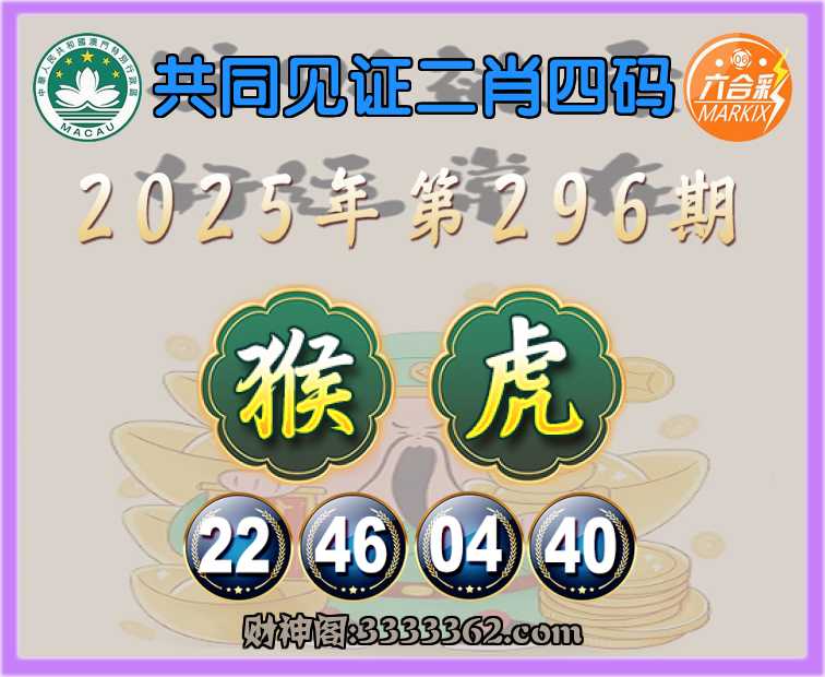 296期:『共同见证』 ♠️二肖四码♠️【虎】【22.46.04.40】开:猴22
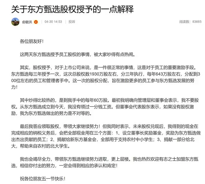 4月30日,新东方创始人俞敏洪通过个人微博,就近期备受关注的东方甄选股权激励事项作出了详细说明。核心信息很明确:他个人所获得的激励股份,未来兑现后,资金将全部用于设立员工奖励基金及公益捐赠,一分不留。
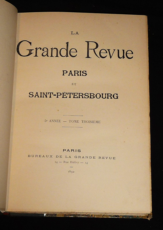 In-4 (20,5 x 28,5 cm), reliure demi-basane, dos à 5 nerfs ornés de fers dorés, tome 3 de la 5e année de la revue, contenant les n°13 du 10 avril 1892 au n°18 du 25 juin 1892 (la tomaison au dos indiquant le tome 2 correspond au 2e trimestre 1892) ; dos insolé, quelques épidermures sur le cuir, épidermure papier au premier plat, coins frottés, rousseurs aux tranches et quelques-unes à l'intérieur par ailleurs frais, assez bon état général.
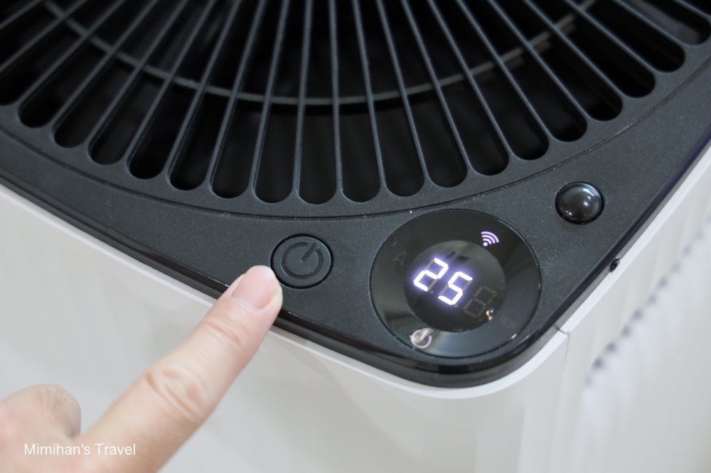 操作面板簡單到爆炸,只有開關⋯螢幕上則是輪流顯示目前風速/PM2.5數值;上下左右燈號顯示連線狀況/工作模式/兒童安全鎖等,日常使用大概只需按開關而已,其他細部都是透過手機APP來設定。
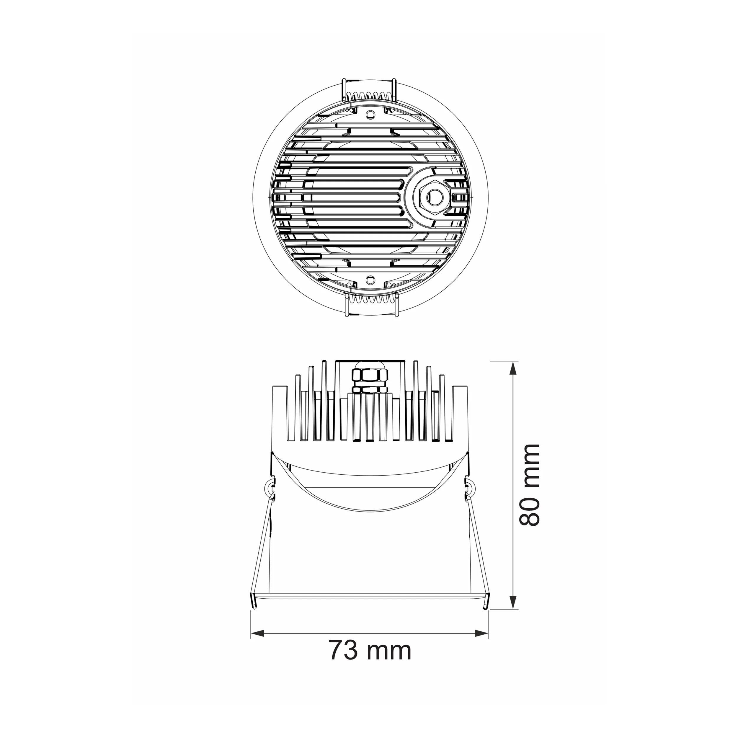 Встраиваемый светодиодный светильник, мат. золото, 220V, 10W, 3000K, 800Lm, 36°, CRI>90, IP65, Ø монтажного отверстия 65 мм, Ø видимой части 73 мм, высота 80 мм

---

Try it.
Reproduce only the lines running from the beginning of the entries above to the line holding "4月30日,新东方创始人俞敏", inclusive. Pictures stay out of the copy.

Expected output.
 296期:『共同见证』 ♠️二肖四码♠️【虎】【22.46.04.40】开:猴22
 4月30日,新东方创始人俞敏洪通过个人微博,就近期备受关注的东方甄选股权激励事项作出了详细说明。核心信息很明确:他个人所获得的激励股份,未来兑现后,资金将全部用于设立员工奖励基金及公益捐赠,一分不留。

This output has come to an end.